= The Comedians of Comedy =

Stand-up comedy tour, film, and television series

The Comedians of Comedy is a stand-up comedy tour featuring comedians Patton Oswalt, Zach Galifianakis, Brian Posehn and Maria Bamford that was documented in a 2005 film and 2005 Comedy Central television series of the same name, both directed by Michael Blieden. After Zach Galifianakis left the tour, he was replaced by comedian Eugene Mirman.

==History==
The idea behind The Comedians of Comedy—its name a play on The Original Kings of Comedy and similar tours—involves the comedians performing at smaller indie rock venues instead of comedy clubs. Playing indie rock clubs was an idea taken from anti-comic Neil Hamburger, who is considered a pioneer of this type of show, playing such clubs since 2000. Both the film and television series alternate between footage of the comedians on stage and other aspects of their lives on the road.

The final Comedians of Comedy show with Patton Oswalt, Brian Posehn, and Maria Bamford occurred on July 28, 2008, in San Diego, California. Zach Galifianakis appeared via pre-recorded video/sketch and special guests included Paul Scheer, Rob Huebel, and Aziz Ansari of Human Giant, along with Sarah Silverman. The show took place at Spreckels Theatre in San Diego during the same weekend as the 2008 San Diego Comic-Con.

==Movies and series==
The film The Comedians of Comedy, shot during the fall of 2004, had its world premiere at the South by Southwest film festival in March 2005. It is one of the first films to be financed by the DVD-rental service Netflix, also the film's distributor. The film inspired Comedy Central to commission a six-episode Comedians of Comedy television series, involving a six-city tour during the summer of 2005; the show premiered in November of that year.
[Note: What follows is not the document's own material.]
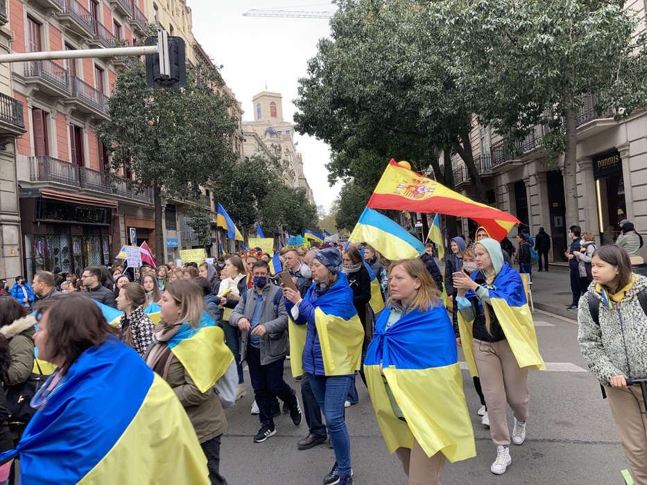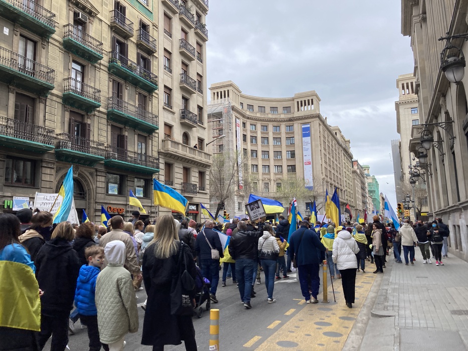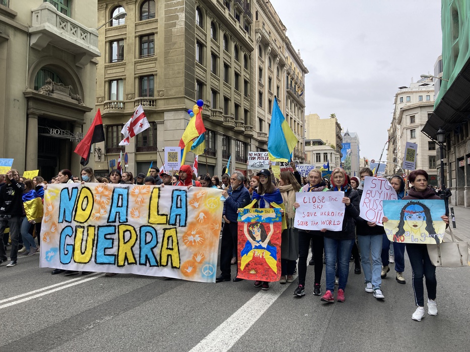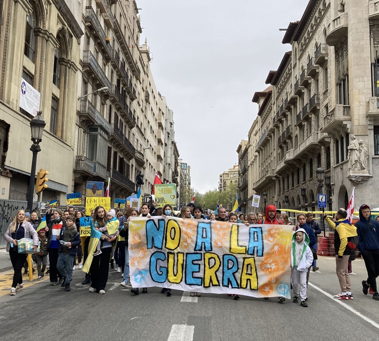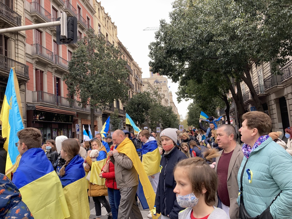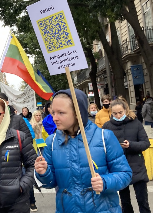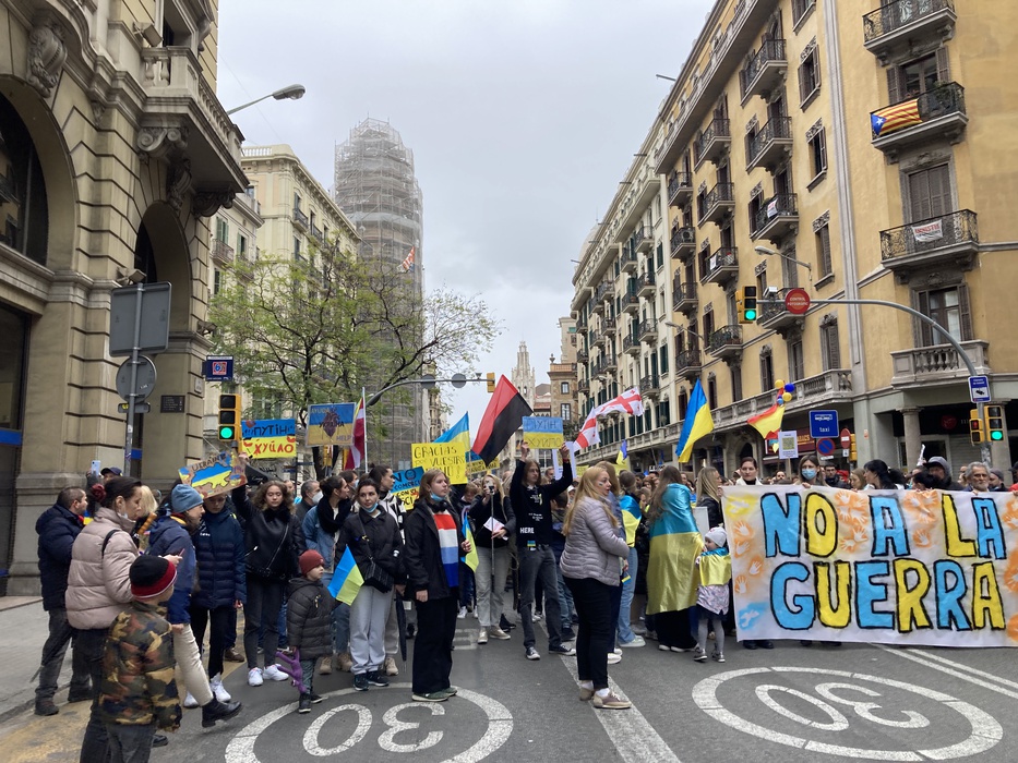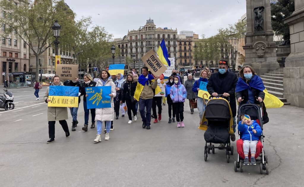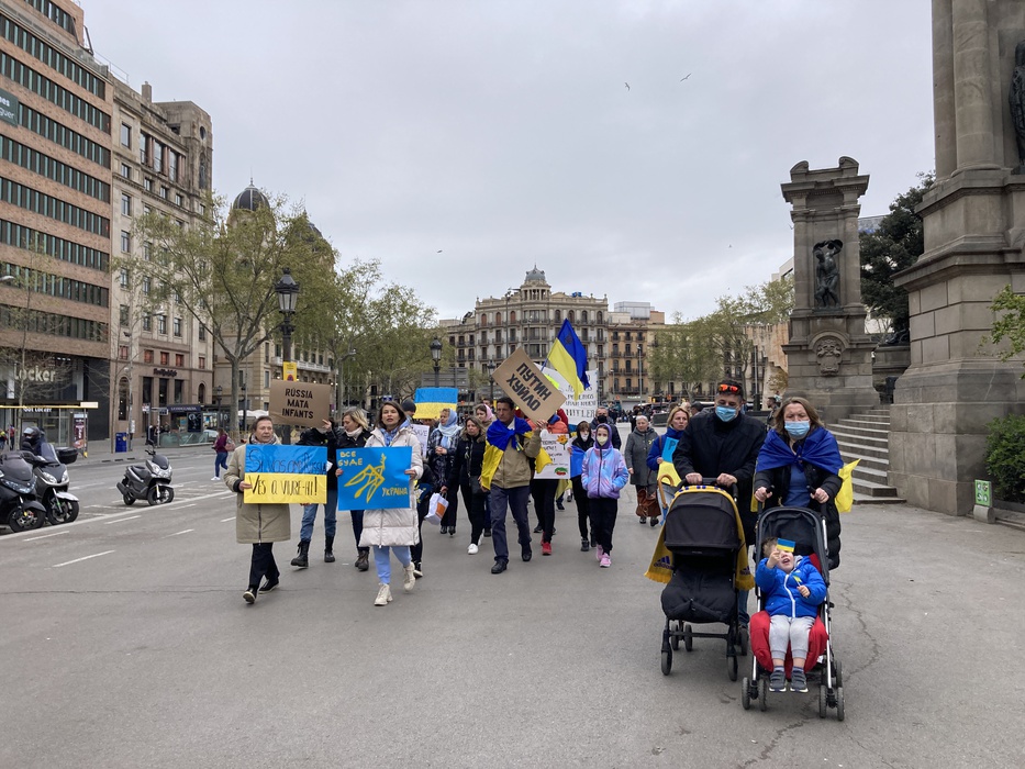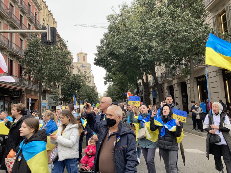 31.4.2022 в Барселоне около 300 человек участвовали в протесте против войны в Украине. Люди стали собираться около 11 часов на площади Каталонии, шествие началось после 12 часов. На Via Laetana шествие возглавили дети, которые несли украинский флаг. Были плакаты и листовки о петиции — о переименовании проспекта, на котором располагается российское консульство в Барселоне, в проспект имени Независимости Украины.

The episodes were shot in Baltimore, New York City, Philadelphia, Atlantic City, Boston and Martha's Vineyard.
After ending their run on Comedy Central, Oswalt, Posehn, Mirman and Morgan Murphy performed in a 2006 Comedians of Comedy tour.

The Comedians of Comedy also appeared as one of the Friday opening acts at the 2007 Coachella Valley Arts and Music Festival, including San Francisco Bay Area comedians Brent Weinbach and Jasper Redd.

On October 2, 2007, a DVD of a live performance from the Troubador was released, featuring the cast of the film alongside other notables like Eugene Mirman, Jon Benjamin, David Cross, and others.